Exercise: In the records below, find the line that contains "胡先生立刻聯絡王家二妹詢問狀" and the line that contains "1月26日, 2019年安徽". Set down exactly those lines and every line between them, and nothing more.

Exercise data:

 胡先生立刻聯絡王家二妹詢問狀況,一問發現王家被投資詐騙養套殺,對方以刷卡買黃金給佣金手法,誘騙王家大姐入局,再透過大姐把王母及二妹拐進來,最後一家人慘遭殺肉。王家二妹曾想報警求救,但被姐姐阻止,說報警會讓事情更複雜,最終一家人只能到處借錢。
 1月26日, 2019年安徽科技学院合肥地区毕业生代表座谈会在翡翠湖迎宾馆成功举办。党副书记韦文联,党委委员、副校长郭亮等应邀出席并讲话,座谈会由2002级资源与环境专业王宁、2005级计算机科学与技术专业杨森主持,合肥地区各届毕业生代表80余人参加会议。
==
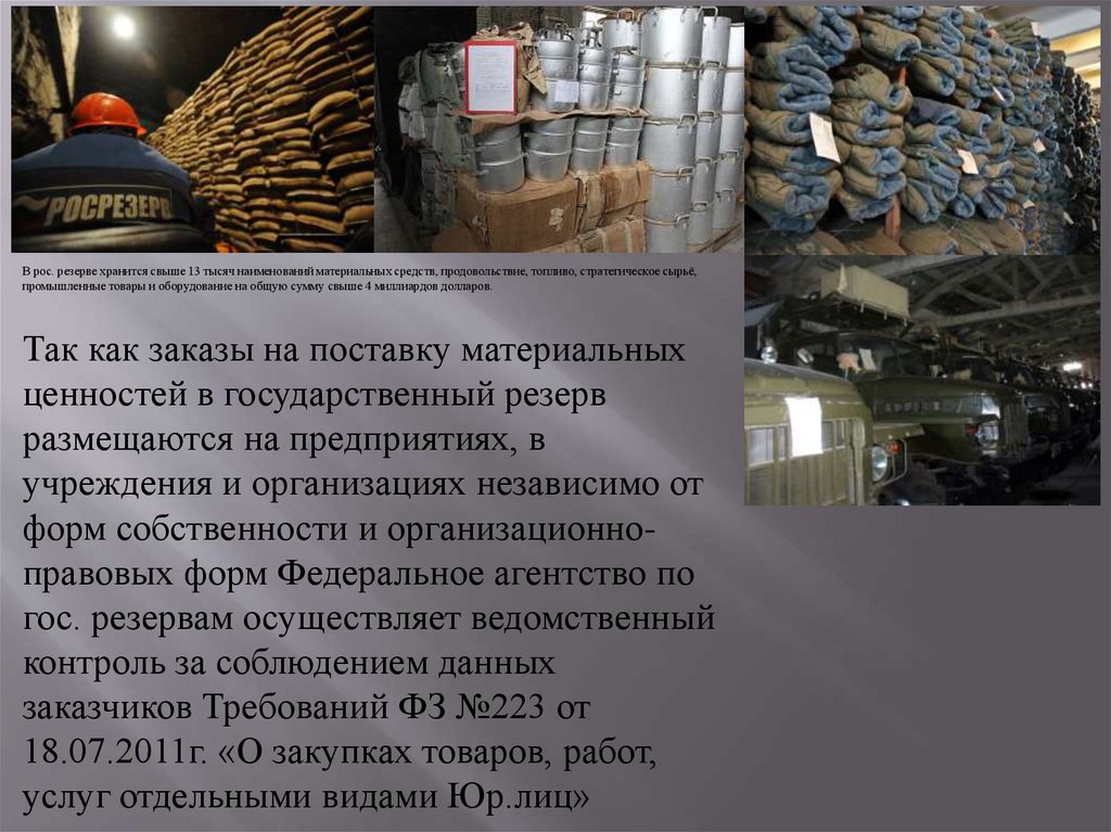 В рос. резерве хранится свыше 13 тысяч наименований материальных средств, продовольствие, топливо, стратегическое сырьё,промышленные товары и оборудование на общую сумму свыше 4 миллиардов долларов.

Final answer:
 胡先生立刻聯絡王家二妹詢問狀況,一問發現王家被投資詐騙養套殺,對方以刷卡買黃金給佣金手法,誘騙王家大姐入局,再透過大姐把王母及二妹拐進來,最後一家人慘遭殺肉。王家二妹曾想報警求救,但被姐姐阻止,說報警會讓事情更複雜,最終一家人只能到處借錢。
 1月26日, 2019年安徽科技学院合肥地区毕业生代表座谈会在翡翠湖迎宾馆成功举办。党副书记韦文联,党委委员、副校长郭亮等应邀出席并讲话,座谈会由2002级资源与环境专业王宁、2005级计算机科学与技术专业杨森主持,合肥地区各届毕业生代表80余人参加会议。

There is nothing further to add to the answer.